Parker PJ, Justilien V, Riou P, et al.
Atypical protein kinase Cι as a human oncogene and therapeutic target.
Biochem Pharmacol. 2014; 88(1):1-11 [PubMed] Article available free on PMC after 09/09/2015 Related Publications
Protein kinase inhibitors represent a major class of targeted therapeutics that has made a positive impact on treatment of cancer and other disease indications. Among the promising kinase targets for further therapeutic development are members of the Protein Kinase C (PKC) family. The PKCs are central components of many signaling pathways that regulate diverse cellular functions including proliferation, cell cycle, differentiation, survival, cell migration, and polarity. Genetic manipulation of individual PKC isozymes has demonstrated that they often fulfill distinct, nonredundant cellular functions. Participation of PKC members in different intracellular signaling pathways reflects responses to varying extracellular stimuli, intracellular localization, tissue distribution, phosphorylation status, and intermolecular interactions. PKC activity, localization, phosphorylation, and/or expression are often altered in human tumors, and PKC isozymes have been implicated in various aspects of transformation, including uncontrolled proliferation, migration, invasion, metastasis, angiogenesis, and resistance to apoptosis. Despite the strong relationship between PKC isozymes and cancer, to date only atypical PKCiota has been shown to function as a bona fide oncogene, and as such is a particularly attractive therapeutic target for cancer treatment. In this review, we discuss the role of PKCiota in transformation and describe mechanism-based approaches to therapeutically target oncogenic PKCiota signaling in cancer.

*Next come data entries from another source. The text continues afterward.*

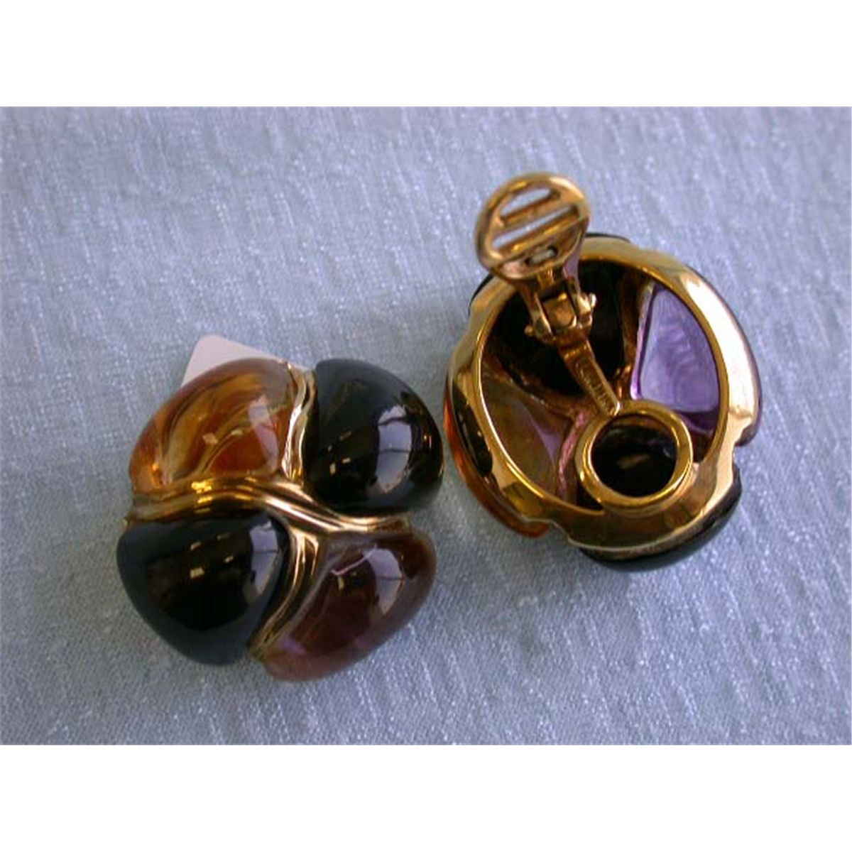 18k Yellow Gold Earrings w/ Multi-colored Gemstones - Yellow Beryl, Black Tourmaline, Amethyst weighs 43.9 grams
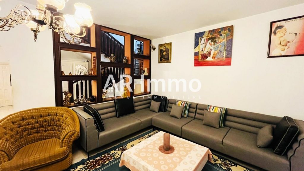 maison s+2 150 m² : salon, séjour, 2 chambres, cuisine, salle de bain équipée d’un jacuzzi.
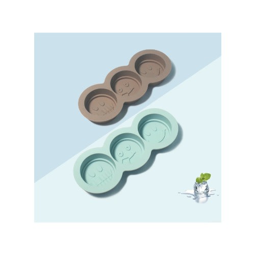 Smiley Shaped Ice Cube Silicone Mould - Light Blue& Brown
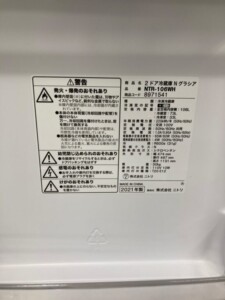 NITORI(ニトリ)106L 2ドア冷蔵庫 NTR-106WH 2021年製
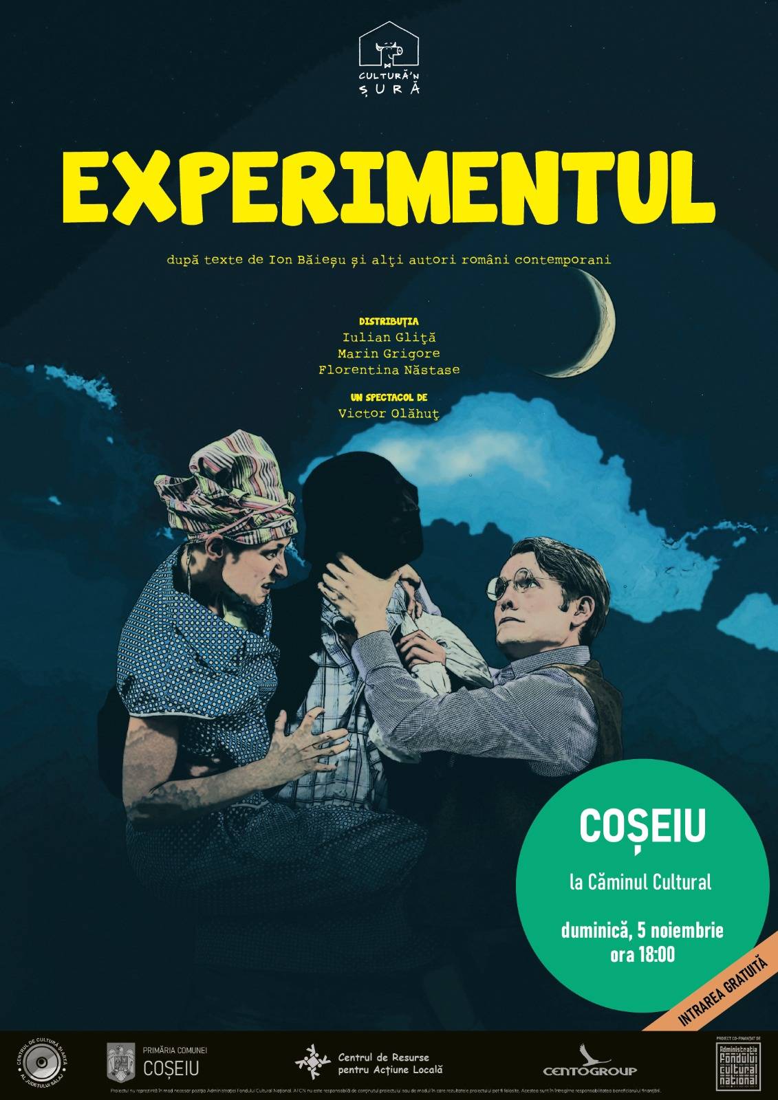„Experimentul” este parte a ofertei teatrale propusă de Cultură’n Șură în această stagiune în cadrul proiectului „10 la sat” co-finanțat de Administrația Fondului Cultural Național (AFCN) și Centrul de Cultură și Artă al Județului Sălaj. Parteneri în proiect sunt Școala Gimnazială „Vasile Lucăcel” Someș-Odorhei, Primăria Comunei Năpradea, Primăria Comunei Bănișor, Primăria Comunei Coșeiu, Centrul de Cultură și Artă al Județului Sălaj.
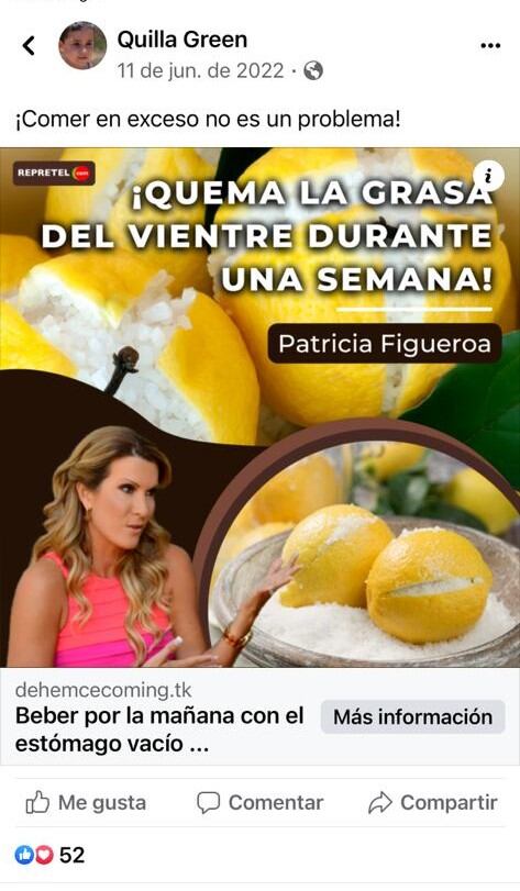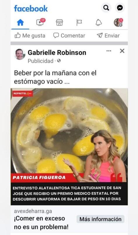 “Hace tiempo atrás me había pasado algo con lo de las criptomonedas o algo así, pero digamos que duró como dos meses circulando en redes. Usaron la imagen de Pablo Wanchope y de unas cuantas figuras públicas, pero eso pasó y ya. Pero esto tiene ya seis meses y no hay manera de que pare. Además, cuando se trata de un producto de bajar de peso lastimosamente impacta a todo el mundo porque la gente que anhela bajar de peso lo intenta con cualquier cosa”, dijo algo indignada.
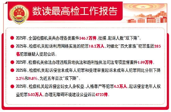 【解讀】“‘強(qiáng)化檢察監(jiān)督’是貫穿報(bào)告始終的一條主線。”楊劍波介紹說(shuō),持續(xù)提升法律監(jiān)督質(zhì)效,推動(dòng)刑事、民事、行政、公益訴訟“四大檢察”全面協(xié)調(diào)充分發(fā)展。2025年,最高檢為精準(zhǔn)監(jiān)督趨利性執(zhí)法司法問(wèn)題,逐步建立了一套從線索發(fā)現(xiàn)、線索研判到督辦交辦、辦結(jié)反饋的全流程機(jī)制。截至2025年12月,最高檢、省級(jí)檢察院督辦重點(diǎn)案件505件。在推進(jìn)專(zhuān)項(xiàng)監(jiān)督中,注重監(jiān)督糾正經(jīng)營(yíng)主體和人民群眾反映強(qiáng)烈的突出問(wèn)題,注重從制度機(jī)制層面剖析根源、堵住漏洞,推動(dòng)實(shí)現(xiàn)標(biāo)本兼治,鞏固深化監(jiān)督成果。研究起草依法加強(qiáng)刑事訴訟查封、扣押、凍結(jié)等強(qiáng)制措施監(jiān)督工作的規(guī)范性文件,建立健全加強(qiáng)跨省涉企刑事案件法律監(jiān)督機(jī)制,努力從源頭上推動(dòng)解決違規(guī)異地執(zhí)法和趨利性執(zhí)法司法問(wèn)題。
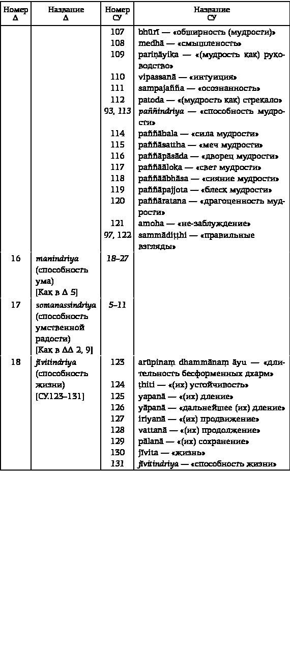 β. Синонимические дхармы, то есть обозначенные разными терминами, но при этом обладающие тем же набором состояний ума. Таковы, например, ΔΔ 5, 16 (то есть «мысль» и «способность ума», СУ.18–27). [Легко заметить, что вариант не может быть «синонимом» своего инварианта!]
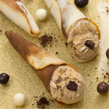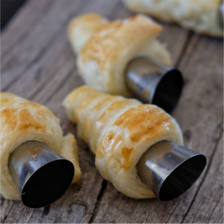 Cu aceste forme conice sunt suficiente cateva gesturi simple pentru a prepara rulouri, cannoli sau alte produse de forma conica, ce vor fi umplute dupa coacere si racire.
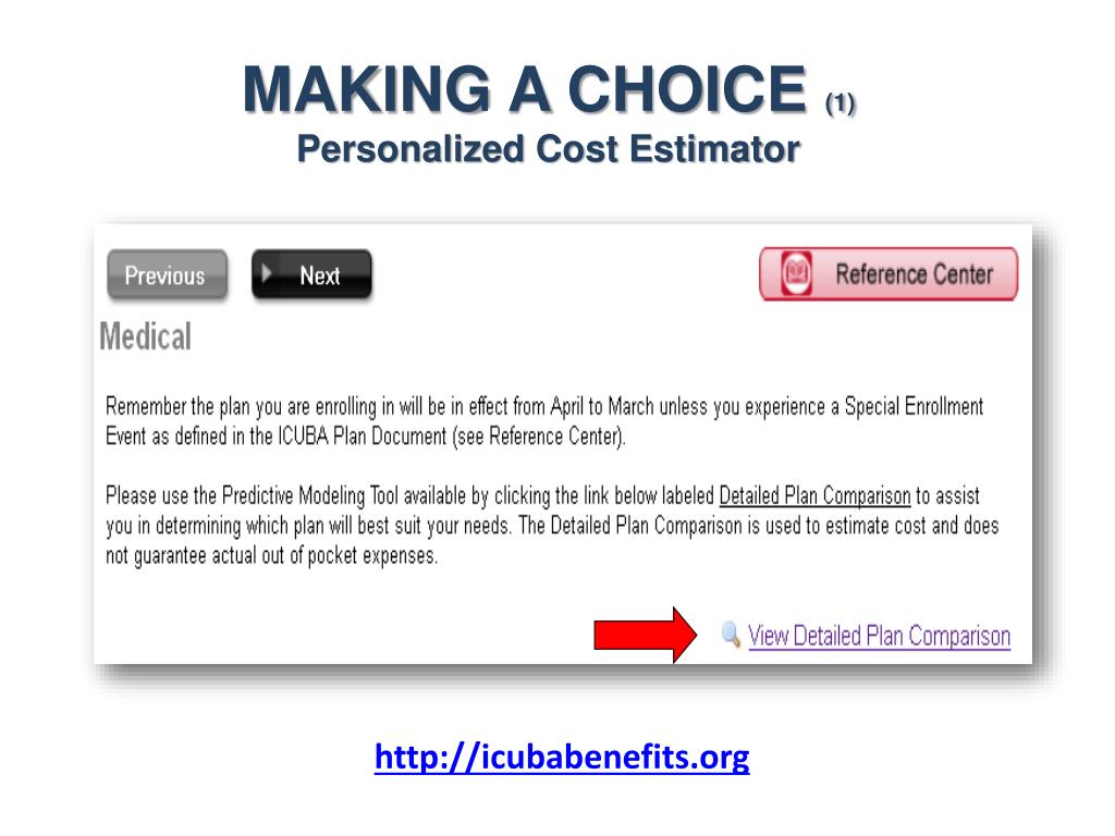 MAKING A CHOICE (1)Personalized Cost Estimator http://icubabenefits.org

Baenke F, Peck B, Miess H, Schulze A
Hooked on fat: the role of lipid synthesis in cancer metabolism and tumour development.
Dis Model Mech. 2013; 6(6):1353-63 [PubMed] Article available free on PMC after 09/09/2015 Related Publications
An increased rate of lipid synthesis in cancerous tissues has long been recognised as an important aspect of the rewired metabolism of transformed cells. However, the contribution of lipids to cellular transformation, tumour development and tumour progression, as well as their potential role in facilitating the spread of cancerous cells to secondary sites, are not yet fully understood. In this article, we review the recent findings that support the importance of lipid synthesis and metabolism in tumorigenesis. Specifically, we explore the role of aberrant lipid biosynthesis in cancer cell migration and invasion, and in the induction of tumour angiogenesis. These processes are crucial for the dissemination of tumour cells and formation of metastases, which constitute the main cause of cancer mortality.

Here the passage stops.